Stored data:

◇ ◇ ◇ ◇

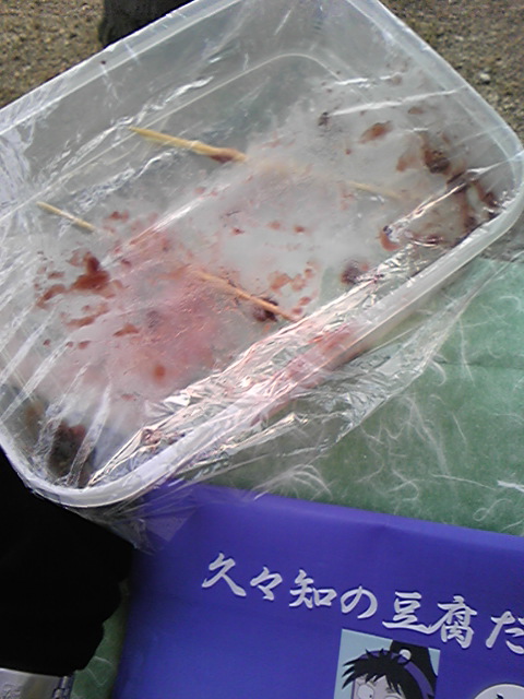 公園にてお団子を頂きまして、総勢9名、「わー!ちゃんと豆腐だー!」とはしゃぎまくり、地元のおじいさまに笑顔を向けられる。豆腐団子、私の舌には絶品でしたよ!他の皆様も絶賛してました!二串食べた方もいたりしたので、皆美味しく頂けた事かと…!
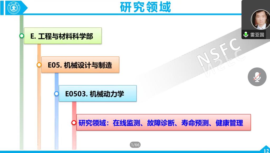 雷亚国简介:西安交通大学教授、博士生导师;美国机械工程师协会会士(ASME Fellow) 、英国工程技术学会会士(IET Fe1low)、国际工程资产管理协会会士(ISEAM Fe1low)、科睿唯安全球高被引科学家(2019--2022)、国家重点研发项目首席科学家(2项)、“三秦学者”全国一流创新团队带头人。现担任中国机械工程学会工业大数据与智能系统分会副主任委员、IEEE Transactions on Industrial Electronics、Mechanical Systems and Signa1 Processing等本领域著名期刊副主编。长期从事机械系统建模与动态信号处理、大数据智能故障诊断与寿命预测、机械状态健康监测与智能维护等方面的研究工作。研发的智能诊断系统在智能制造、能源电力、交適运输等领域得到广泛应用。曾获国家技术发明二等奖、中国青年科技奖、教育部自然科学一等奖、教育部青年科学奖、陕西省自然科学一等奖、霍英东教育基金会青年教师奖、庆祝中华人民共和国成立70周年纪念章。
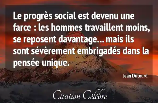 Le progrès social est devenu une farce : les hommes travaillent moins, se reposent davantage... mais ils sont sévèrement embrigadés dans la pensée unique.
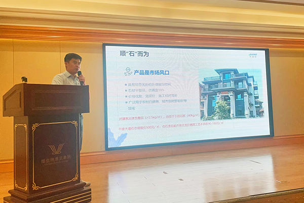 裝修漆中南區銷售總監卓杰分享仿石漆推廣策略。卓總監指出,江西省是全國仿石漆推廣較早且成效顯著的省份之一,并詳細講解仿石漆需求持續增長,特別是在高端裝飾市場和公共建筑項目中應用廣泛。推廣策略著重于產品定位、樣板實際效果展示、培訓支持、營銷活動、線上推廣,為與會者提供寶貴的推廣思路和啟發。
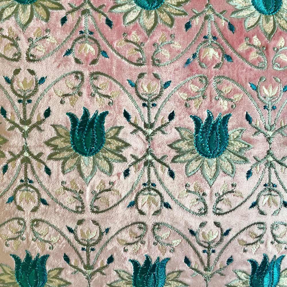 Cushion Covers(TSHVTP01L), Tulipani- Embroidered Luxury Velvet Cushion Cover- Blossom Pink- Set of 1, Cushion Covers - VT15327
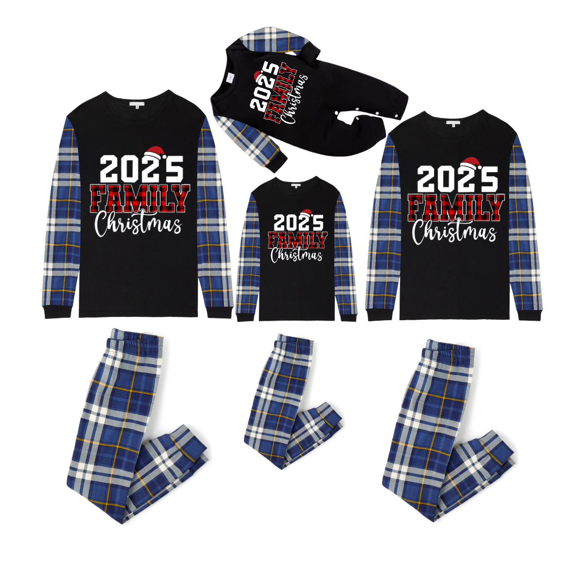 2025 Family Christmas Family Pajamas Set - Black Top, Blue Pants, Blue Buffalo Plaid Sleeves, Letter Print
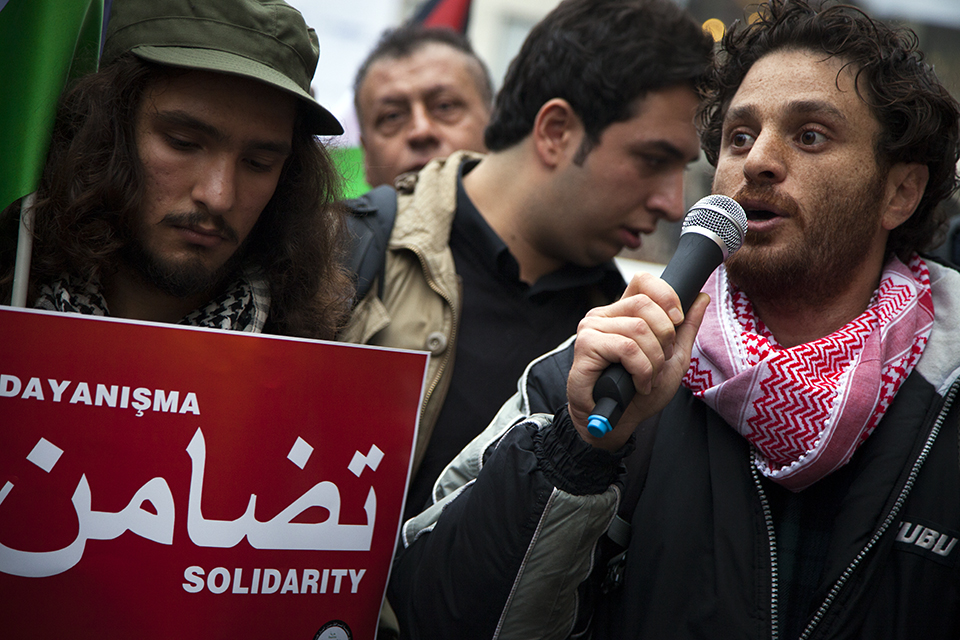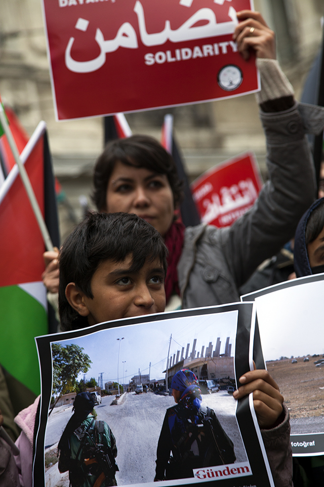“Tanklara karşı taş, tanklara karşı taş , direnen Filistin kazanacak”, “Diren Filistin seninleyiz” sloganlarının atıldığı yürüyüş sonunda, Filistin İçin İsrail’e Boykot Girişimi adına Ayşe Düzkan basın açıklaması metnini okudu.
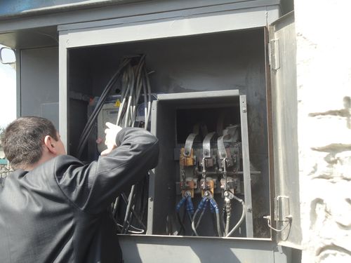 Ось так тепер виглядає зняття показів лічильника, який обслуговує крамницю. Навіть доволі високому чолов’язі – представнику енергопостачальної організації, який саме приїхав до підприємців Любімських щось знову перевіряти, довелося стати на камінь і піднятися на пальці, аби побачити цифри… Бо ж лічильник встановили не деінде, а всередині трансформаторної підстанції!
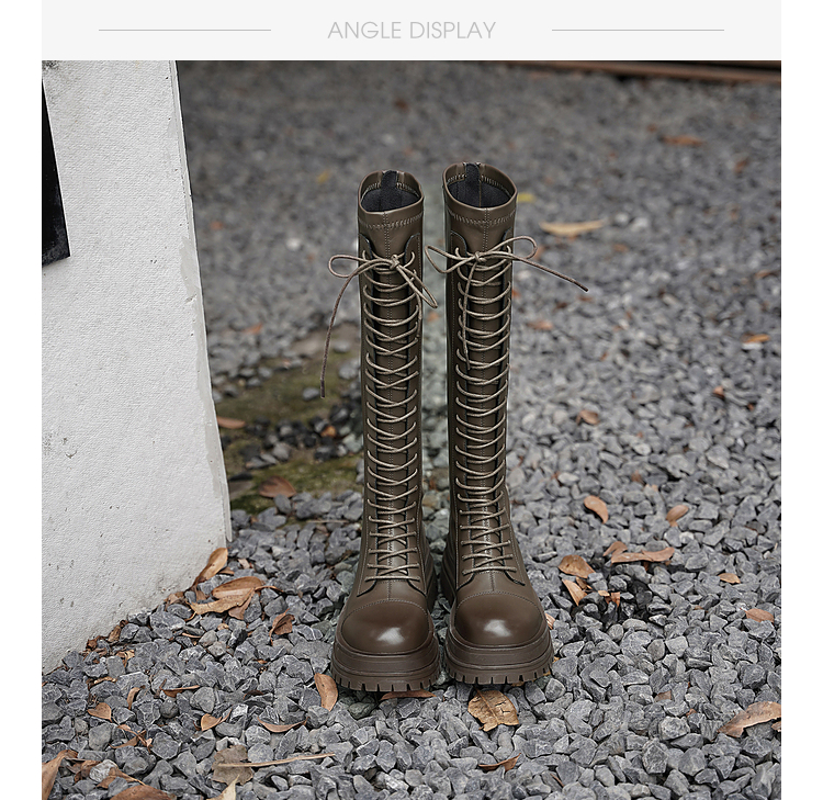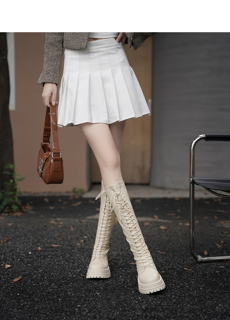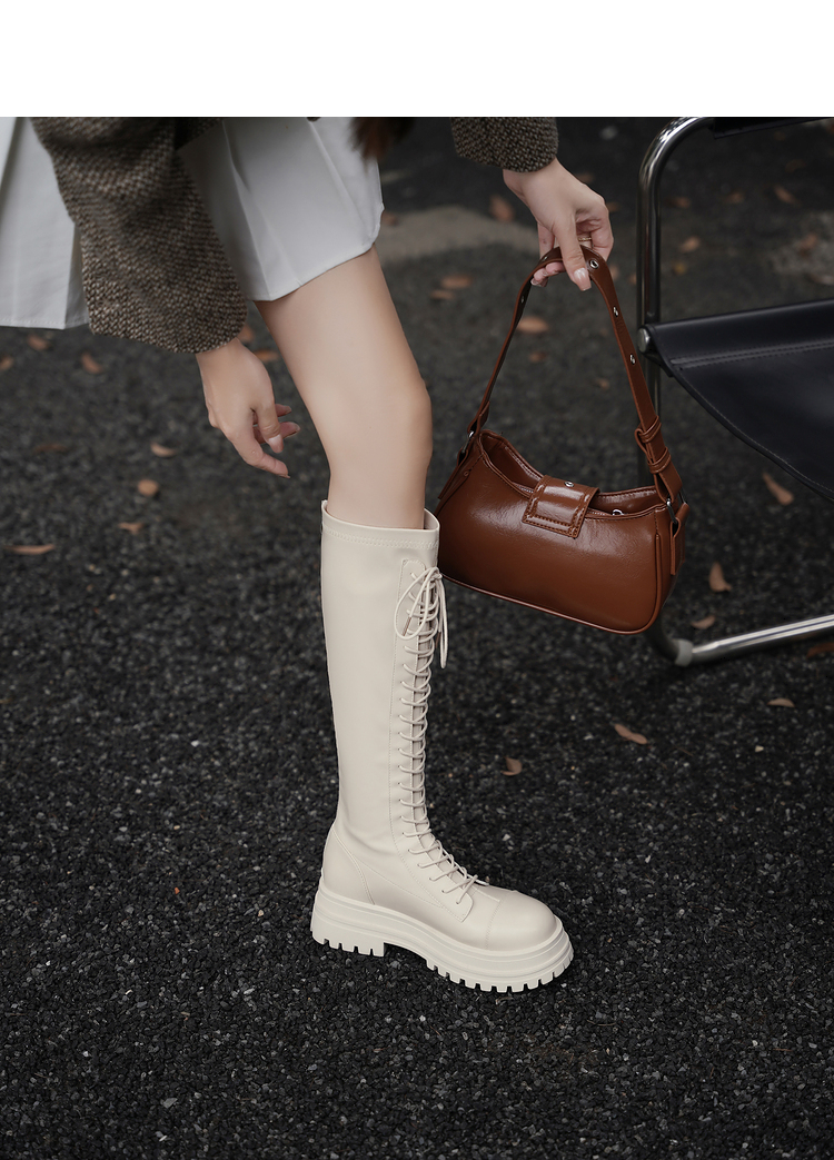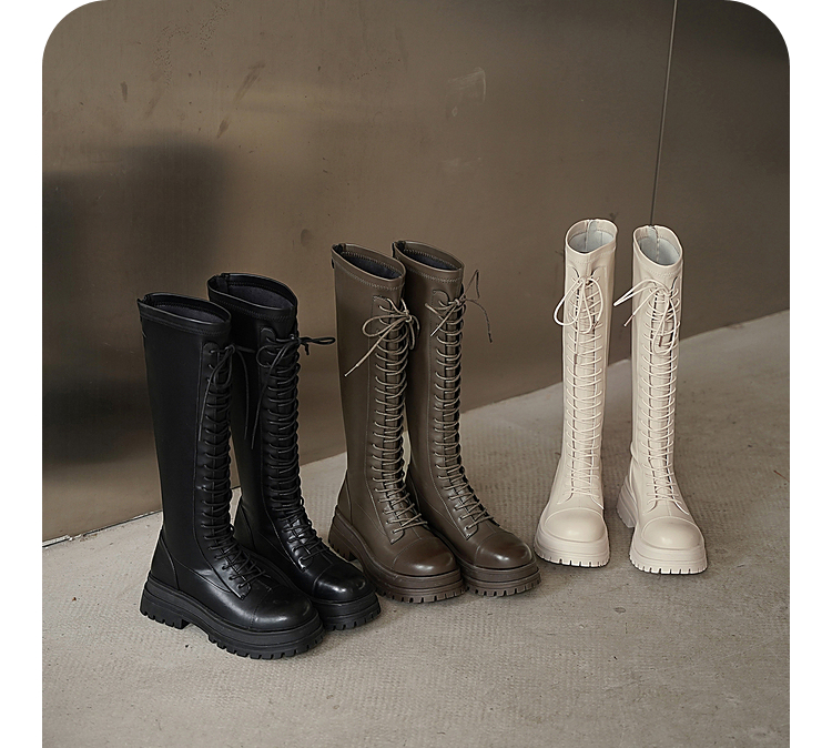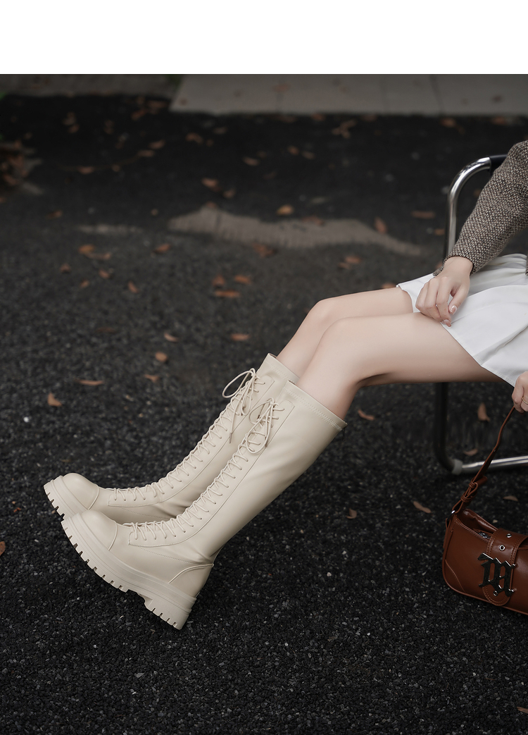 西遇长筒马丁靴女新款秋季弹力高筒骑士靴厚底不过膝长靴子D1933853

◇ ◇ ◇ ◇

Both ends included, copy word for word the lines from the top of the entries above through the line with "Cushion Covers(TSHVTP01L), Tulipani- Embroidered". No pictures.

Exercise solution:
 公園にてお団子を頂きまして、総勢9名、「わー!ちゃんと豆腐だー!」とはしゃぎまくり、地元のおじいさまに笑顔を向けられる。豆腐団子、私の舌には絶品でしたよ!他の皆様も絶賛してました!二串食べた方もいたりしたので、皆美味しく頂けた事かと…!
 雷亚国简介:西安交通大学教授、博士生导师;美国机械工程师协会会士(ASME Fellow) 、英国工程技术学会会士(IET Fe1low)、国际工程资产管理协会会士(ISEAM Fe1low)、科睿唯安全球高被引科学家(2019--2022)、国家重点研发项目首席科学家(2项)、“三秦学者”全国一流创新团队带头人。现担任中国机械工程学会工业大数据与智能系统分会副主任委员、IEEE Transactions on Industrial Electronics、Mechanical Systems and Signa1 Processing等本领域著名期刊副主编。长期从事机械系统建模与动态信号处理、大数据智能故障诊断与寿命预测、机械状态健康监测与智能维护等方面的研究工作。研发的智能诊断系统在智能制造、能源电力、交適运输等领域得到广泛应用。曾获国家技术发明二等奖、中国青年科技奖、教育部自然科学一等奖、教育部青年科学奖、陕西省自然科学一等奖、霍英东教育基金会青年教师奖、庆祝中华人民共和国成立70周年纪念章。
 Le progrès social est devenu une farce : les hommes travaillent moins, se reposent davantage... mais ils sont sévèrement embrigadés dans la pensée unique.
 裝修漆中南區銷售總監卓杰分享仿石漆推廣策略。卓總監指出,江西省是全國仿石漆推廣較早且成效顯著的省份之一,并詳細講解仿石漆需求持續增長,特別是在高端裝飾市場和公共建筑項目中應用廣泛。推廣策略著重于產品定位、樣板實際效果展示、培訓支持、營銷活動、線上推廣,為與會者提供寶貴的推廣思路和啟發。
 Cushion Covers(TSHVTP01L), Tulipani- Embroidered Luxury Velvet Cushion Cover- Blossom Pink- Set of 1, Cushion Covers - VT15327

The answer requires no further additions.